> **Task details**
Nothing but the lines below from the first through the one with "Välj mellan fläsk" should appear, printed exactly; please leave pictures out.

> **Record extracts**
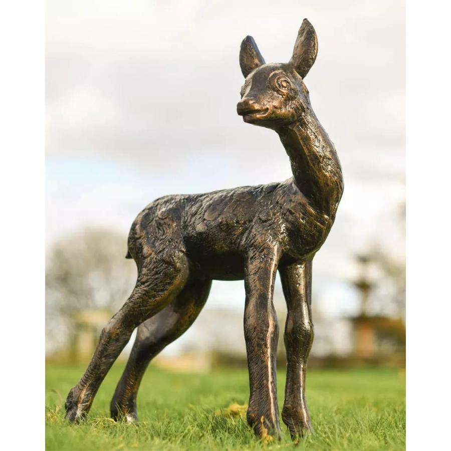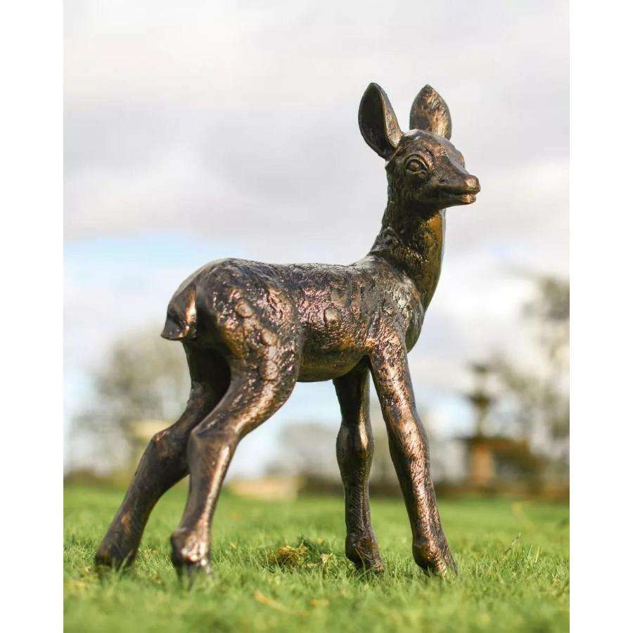 งานฝีมือโลหะรูปกวางสีบรอนซ์ ของตกแต่งสวน รูปกวางน้อยขนาดเล็ก งานแกะสลักทำมือ
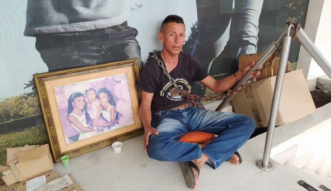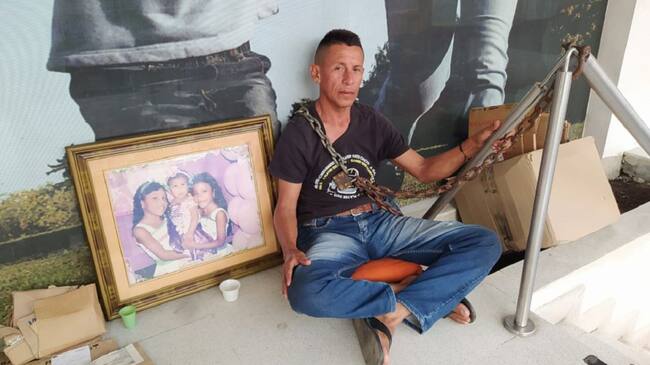 Ángel Ortega Ortega, cumplió 24 horas encadenado en la entrada de Coomeva del barrio Manga en Cartagena, según él, debido a una deuda de incapacidades que asciende a los 32 millones de pesos.
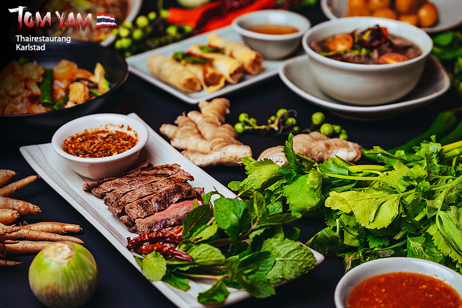 Välj mellan fläsk eller biff. Kryddstark syrlig sallad med rödlök, chili, lime, thaibasilika, purjolök och koriander.
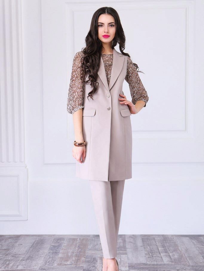 Three-piece suit has several versions. The classic version is considered a vest, and as the bottom can act as a skirt and pants. Another option is a set of skirts or pants, vest or jacket, as well as shirts or blouses. The third variant of the three-piece suit is a jacket, trousers and a dress. It is easy to guess that the dress can be worn separately or with a jacket, and by completing the trousers and jacket with a turtleneck, shirt or top, you can get a completely new look. Sometimes such sets instead of a jacket are supplemented with a vest in a contrasting color that can be worn directly over the dress.
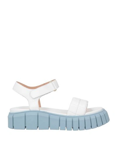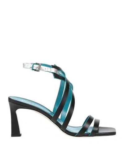 Woman Sandals Blue Size 6 Leather, Textile Fibers
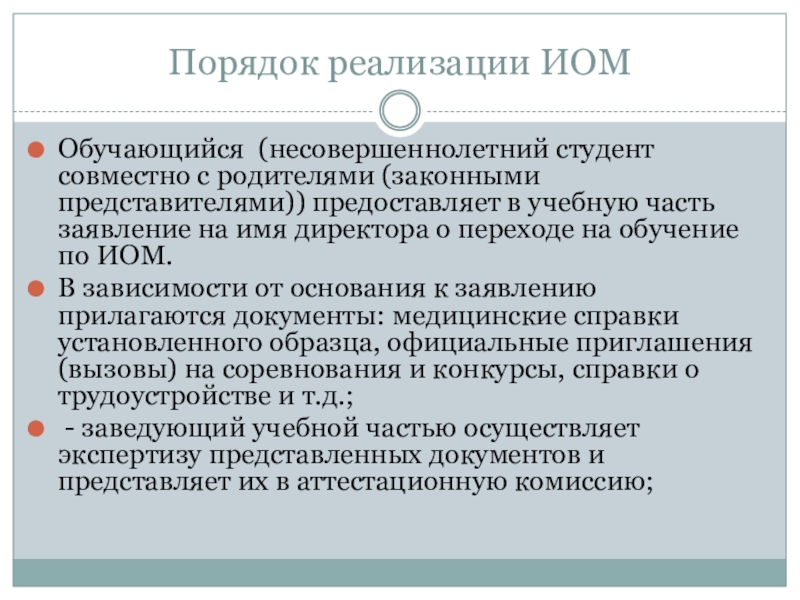 - приказ директора о переводе студента на ИОМ
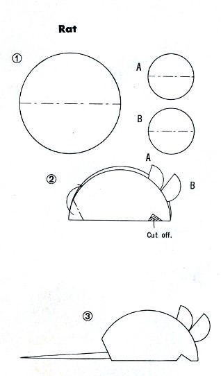 ********** 1964 Designs for a 'Birdie', a 'Chick' and a 'Rat' appear in 'Happy Origami: Tortoise book' by Tatsuo Miyawaki, which was published by Biken-Sha in Japan in 1964. Birdie (from 4 pieces of round paper and one square)
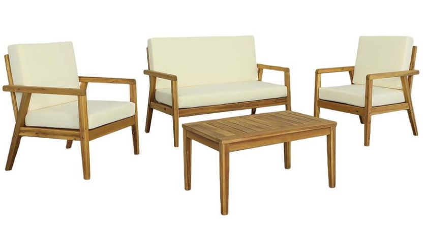 Relax in style. This outdoor group with loveseat, 2 chairs, and a cocktail table will not disappoint. A great transitional style that will go with any setting. The Natural acacia finish is smart and easy. The wood cocktail table is perfect for your morning coffee or afternoon cocktails.Read More

> **Result for this task**
 งานฝีมือโลหะรูปกวางสีบรอนซ์ ของตกแต่งสวน รูปกวางน้อยขนาดเล็ก งานแกะสลักทำมือ
 Ángel Ortega Ortega, cumplió 24 horas encadenado en la entrada de Coomeva del barrio Manga en Cartagena, según él, debido a una deuda de incapacidades que asciende a los 32 millones de pesos.
 Välj mellan fläsk eller biff. Kryddstark syrlig sallad med rödlök, chili, lime, thaibasilika, purjolök och koriander.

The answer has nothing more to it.